- **Exercise goal**: Begin at the line below that has "美國時間7月27日,星巴克發". Stop after the line that has "Pódio da elite", repeating each line exactly and leaving out the pictures.

- **Provided information**:
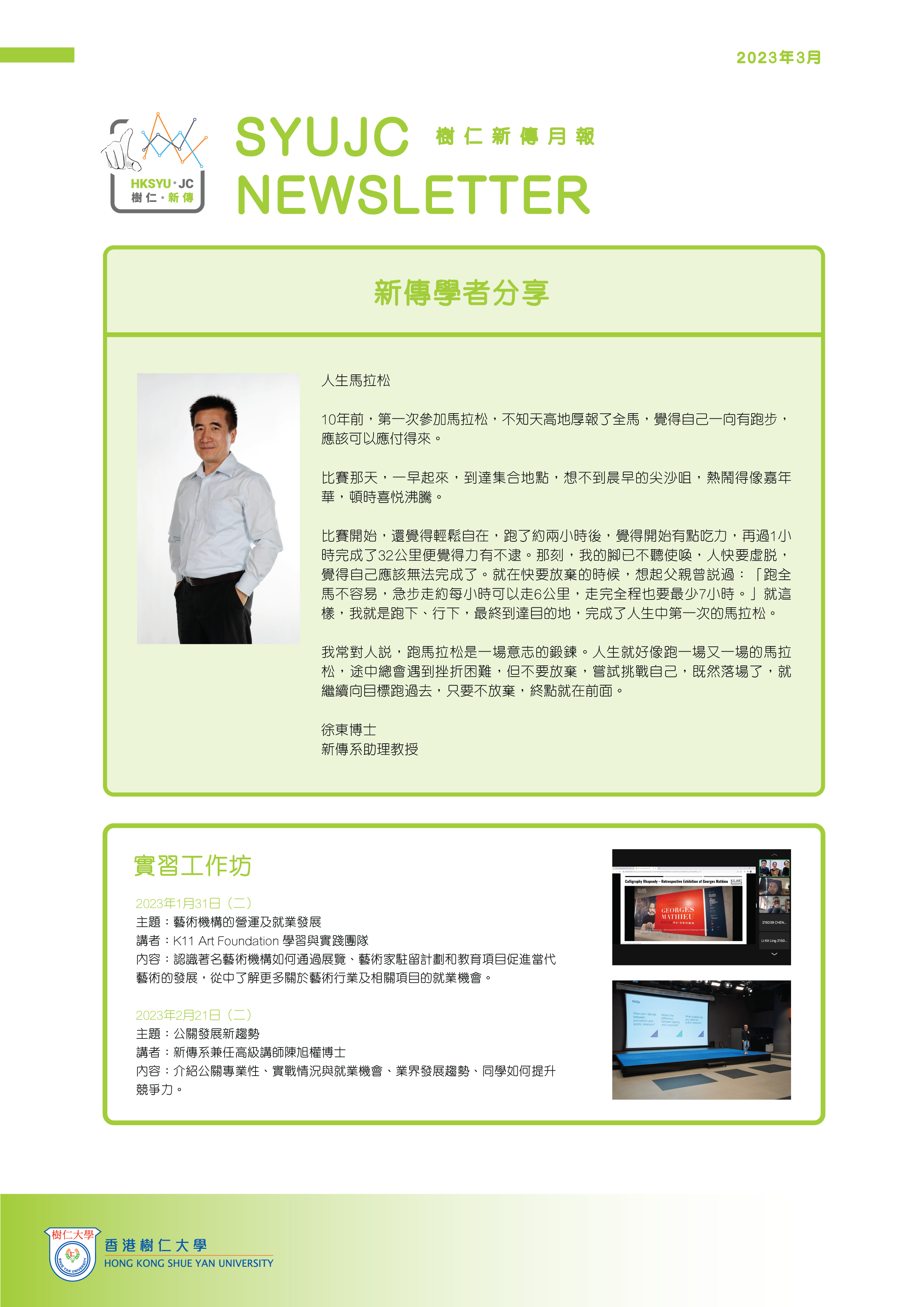 校園活動樹仁新傳月報編輯推介 【樹仁新傳月報】2023年3月號 March 25, 202301263 香港樹仁大學新聞與傳播學系刊出《樹仁新傳月報》三月號,新傳系助理教授徐東博士分享十年前首次參加「全馬」賽事。他表示,跑馬拉松是一場意志的鍛鍊,人生就好像跑一場又一場的馬拉松,途中總會遇到挫折困難,但不要放棄,嘗試挑戰自己,既然已落場就繼續向目標跑過去,只要不放棄,終點就在前面。 《樹仁新傳月報》三月號,第一頁。 《樹仁新傳月報》三月號,第二頁。 Related Related tags : 徐東李家文李文樹仁新傳月報羅燦蘇啟智蘇鑰機陳旭權 政府指交椅洲人工島水平以上高度平均有7.5米 符合國際標準 Previous Post 【公關入門】曾立基:講求思維和態度 Next Post
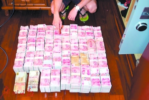 警方在惠州破获一宗地下钱庄案时缴获的涉案现金。
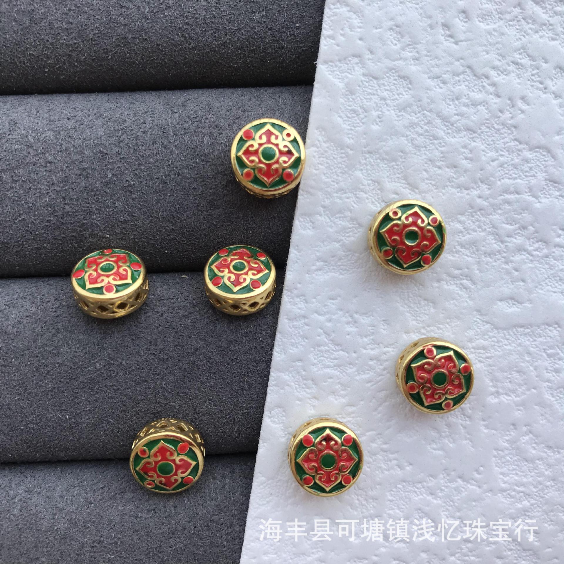 新古法焼青円形s925銀十字ブレスレットネックレス隔珠配珠国風通用diy部品
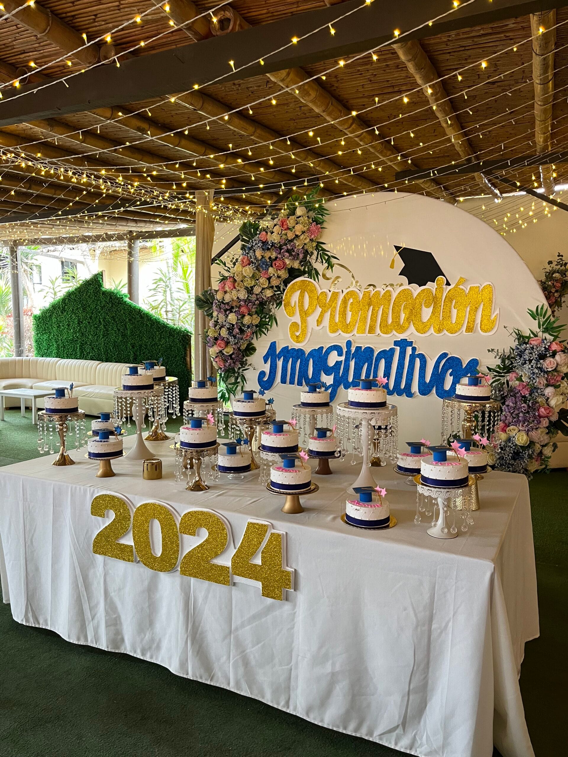 El ambiente estaba impregnado de alegría y calidez. Un área de la celebración destacaba con una mesa de postres espectacular, dedicada a la «Promoción Imaginativa». Cada pastelito, adornado con birretes miniatura y los colores de la celebración, era una pequeña obra de arte que representaba el logro de cada niño. Un detalle dulce y memorable para un día tan importante.
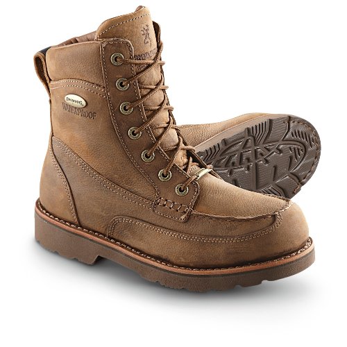 Browning 8" WATERPROOF Upland Boots, BIG BUCKS OFF! Browning Waterproof Upland Hunting Boots, birding and general field specialists that make your adventures even more of a pleasure. With "last season's" big SAVINGS and wide sizes! The famed Browning name with the quality it always assures: Waterproof full-grain leather uppers, tough and flexible; Browning 100% waterproof membrane; Lightweight, blown rubber outsole with positive traction; Removable padded insole; Padded leather tongue and collar; Moisture-wicking lining; 3/4-gusseted to keep out wet and debris; Repairable Goodyear leather welt for added stability.; Each approx. 8"h., 29 ozs.; State Width and Size. Get these exceptional Hunting Boots now! Men's Browning 8" Waterproof Upland Boots, Brown
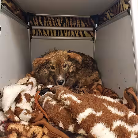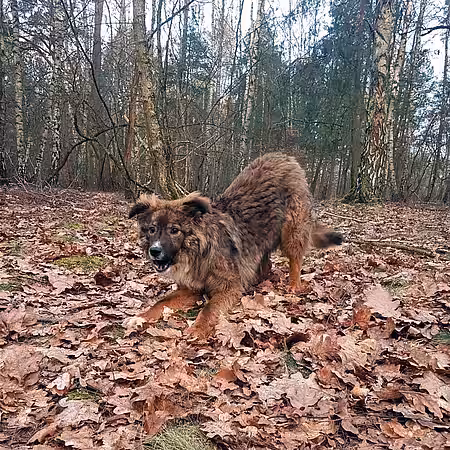 aktion tier- Mitarbeiterin Myriam erkannte vor Ort schnell, dass hier Ruhe und Geduld gefragt war. Die Hündin hatte keinerlei Vertrauen in die Menschen. Verständlich, denn insgesamt befand sich Nuri in keinem guten Zustand. Viel zu dünn und mit verfilztem Fell schienen es „ihre“ Menschen nicht gut mit ihr gemeint zu haben. Niemand weiß, wie Nuri in den Wald kam. Fakt ist aber, dass sich die Hündin trotz der ganzen Menschen, die sie zu fangen versucht hatten, trotz des Trubels und der Unruhe und entgegen ihres Fluchtinstinktes, nicht vom Ort wegbewegt hatte. Zudem lag nahe der Straße ein offener Sack Trockenfutter. Daher vermuten wir, dass jemand Nuri an der Straße ausgesetzt und ihr das Futter dagelassen hatte. Nuri hoffte nun vielleicht, dass „ihre“ Menschen zurückkommen… und wich deswegen nicht vom Fleck.
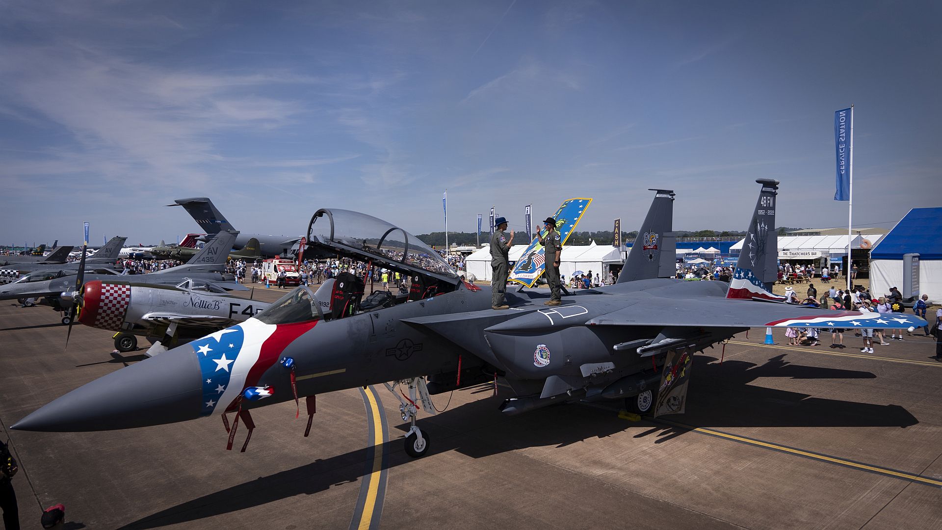 U.S. Air Force corrosion control Airmen assigned to the 48th Fighter Wing equipment maintenance squadron complete pose for a group photo in front of the new F-15E Strike Eagle heritage aircraft at Royal Air Force Lakenheath, England, July 12, 2022. The heritage paint took 19 Airmen 14 working days to complete. (U.S. Air Force Photos by Airman Austin Salazar)
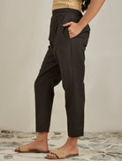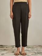 Brown Silk Blend Straight Fit Pants
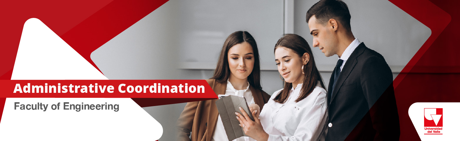 The main characteristic of the Administrative Coordination of the Faculty of Engineering at Universidad del Valle is the area in charge of supporting the Dean's Office and the Schools in providing information and controlling administrative procedures and decision making of the Faculty such as: Financial Management, Human Resources and Administration of Goods and Services. The unit provides a series of formats, guides and tools to facilitate and optimize administrative and financial processes.
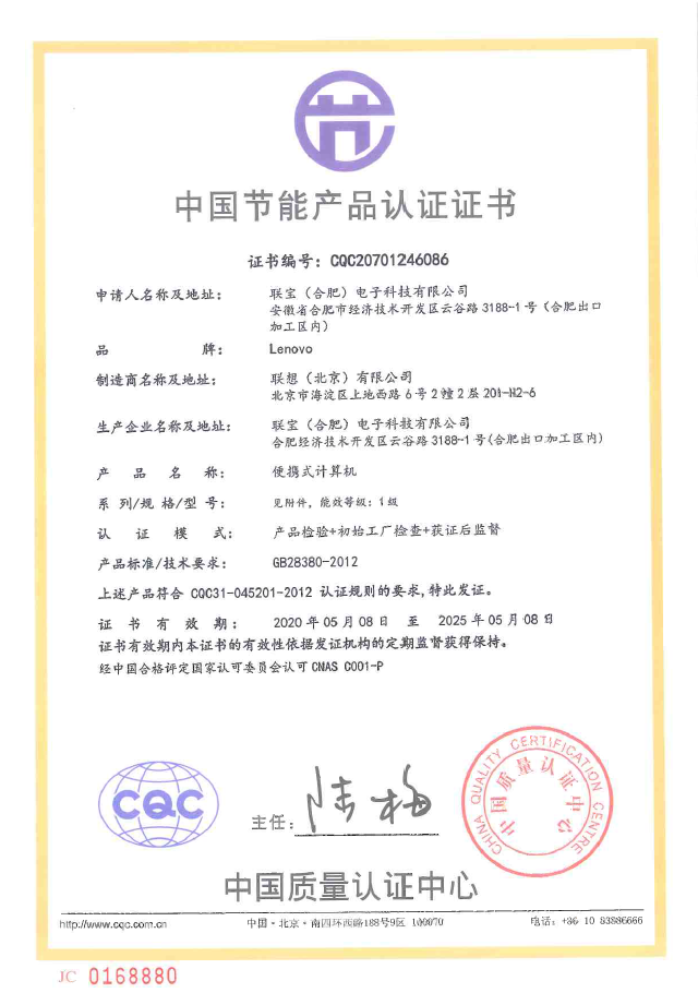• 節(jié)能產(chǎn)品證書(shū)編號(hào):CQC20701246086
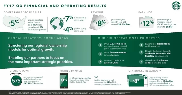 美國時間7月27日,星巴克發布了公司的第三財季財報。報告顯示,公司營收增至57億美元,創下了公司歷史上的紀錄。
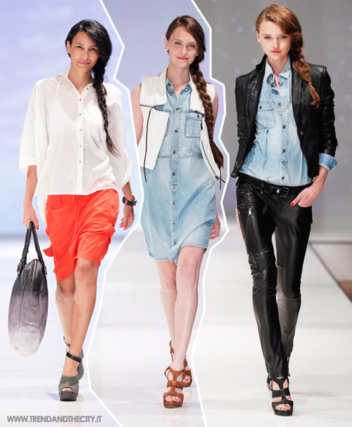 Chemisier in jeans, giubbotti in pelle, shorts con bretelle e dettaglio fluo colorano la passerella dell’estate 2011 di Diesel, al look rock si abbina una delicata treccia lunga e laterale che unisce un animo strong ad uno romantico, della serie i dettagli contano. Il fascino intramontabile della camicia di jeans è innegabile, è casual se abbinata ad un paio di ballerine, sportiva se indossata con jeans e sneakers e rock se abbinata a giubbotto in pelle e liquid leggin, non per niente è un capo da possedere assolutamente.
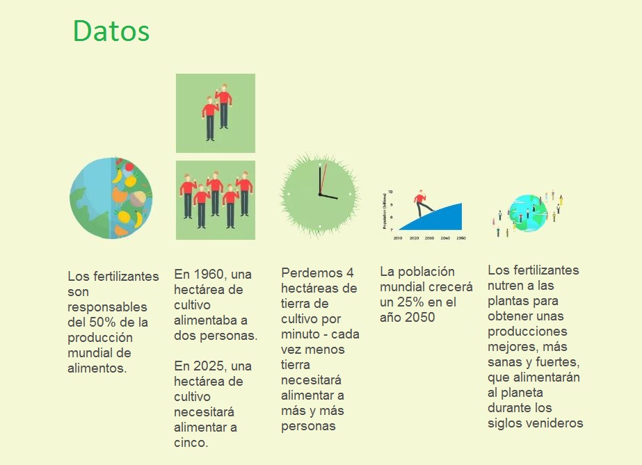 Perdemos alrededor de 4 hectáreas de tierras de cultivo por minuto. Si en 1960 una hectárea de cultivo alimentaba a dos personas, en 2025 se prevé que esa misma hectárea necesite alimentar a cinco. Una vez más, los fertilizantes son la vía más apropiada para hacer frente a estos enunciados, siempre desde una posición que ayude a preservar la biodiversidad y hacer frente al cambio climático.
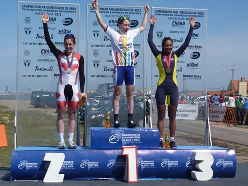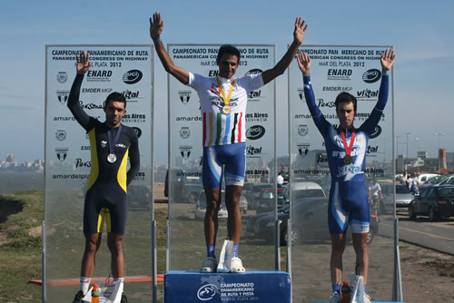 Pódio da elite masculinaCrédito: Adolfo CarrizoApós conquistar três medalhas nas provas de velocidade realizadas no velódromo internacional “Julio Polet”, o Brasil subiu outras duas vezes ao pódio nesta sexta-feira (09), durante as provas de contra-relógio do Campeonato Pan-Americano de Pista e Estrada, disputado em Mar del Plata, na Argentina. Na categoria elite masculina, Magno Prado conquistou a prata, com 50min11s550, enquanto Clemilda Fernandes foi bronze na elite feminina, com o tempo de 27min57s00.
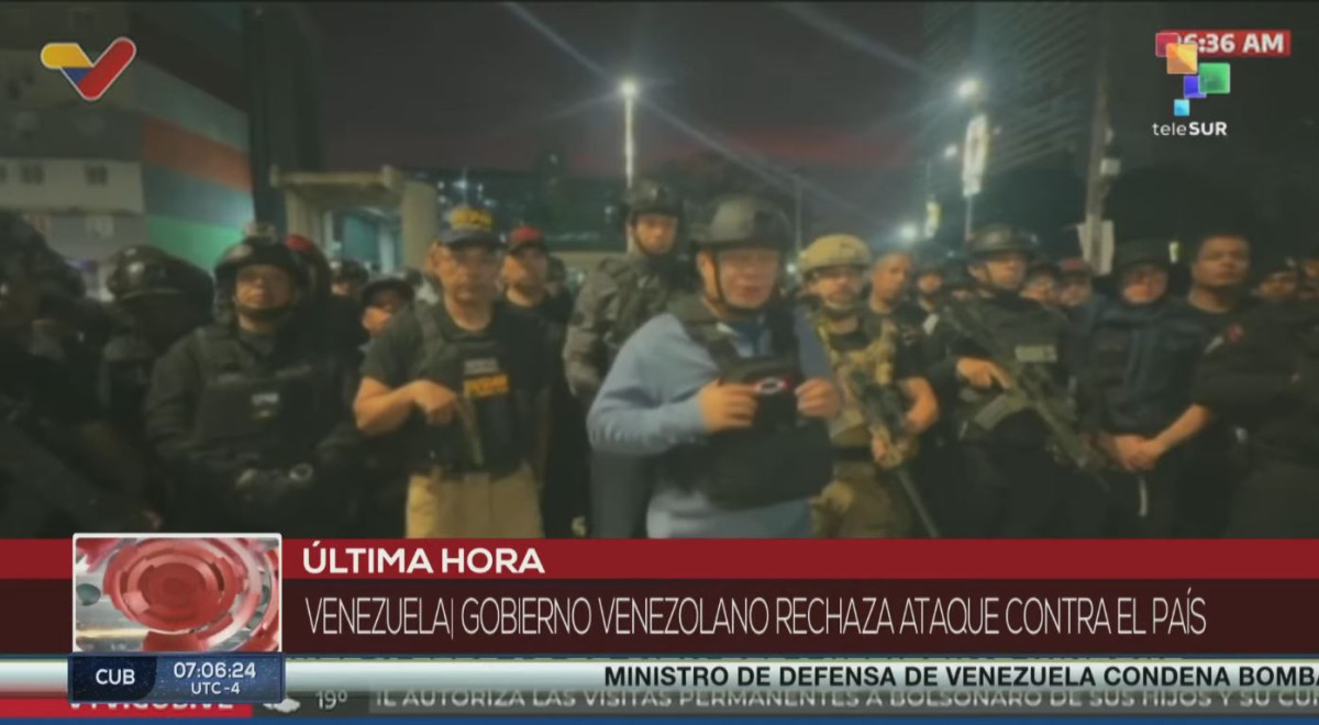 El ministro de Interior de Venezuela, Diosdado Cabello, ofreció un breve discurso en una transmisión de Telesur después de los ataques ocurridos en la madrugada, siendo esta su tercera aparición pública tras el operativo realizado por las fuerzas militares de Estados Unidos en territorio venezolano.

- **Written solution**:
 美國時間7月27日,星巴克發布了公司的第三財季財報。報告顯示,公司營收增至57億美元,創下了公司歷史上的紀錄。
 Chemisier in jeans, giubbotti in pelle, shorts con bretelle e dettaglio fluo colorano la passerella dell’estate 2011 di Diesel, al look rock si abbina una delicata treccia lunga e laterale che unisce un animo strong ad uno romantico, della serie i dettagli contano. Il fascino intramontabile della camicia di jeans è innegabile, è casual se abbinata ad un paio di ballerine, sportiva se indossata con jeans e sneakers e rock se abbinata a giubbotto in pelle e liquid leggin, non per niente è un capo da possedere assolutamente.
 Perdemos alrededor de 4 hectáreas de tierras de cultivo por minuto. Si en 1960 una hectárea de cultivo alimentaba a dos personas, en 2025 se prevé que esa misma hectárea necesite alimentar a cinco. Una vez más, los fertilizantes son la vía más apropiada para hacer frente a estos enunciados, siempre desde una posición que ayude a preservar la biodiversidad y hacer frente al cambio climático.
 Pódio da elite masculinaCrédito: Adolfo CarrizoApós conquistar três medalhas nas provas de velocidade realizadas no velódromo internacional “Julio Polet”, o Brasil subiu outras duas vezes ao pódio nesta sexta-feira (09), durante as provas de contra-relógio do Campeonato Pan-Americano de Pista e Estrada, disputado em Mar del Plata, na Argentina. Na categoria elite masculina, Magno Prado conquistou a prata, com 50min11s550, enquanto Clemilda Fernandes foi bronze na elite feminina, com o tempo de 27min57s00.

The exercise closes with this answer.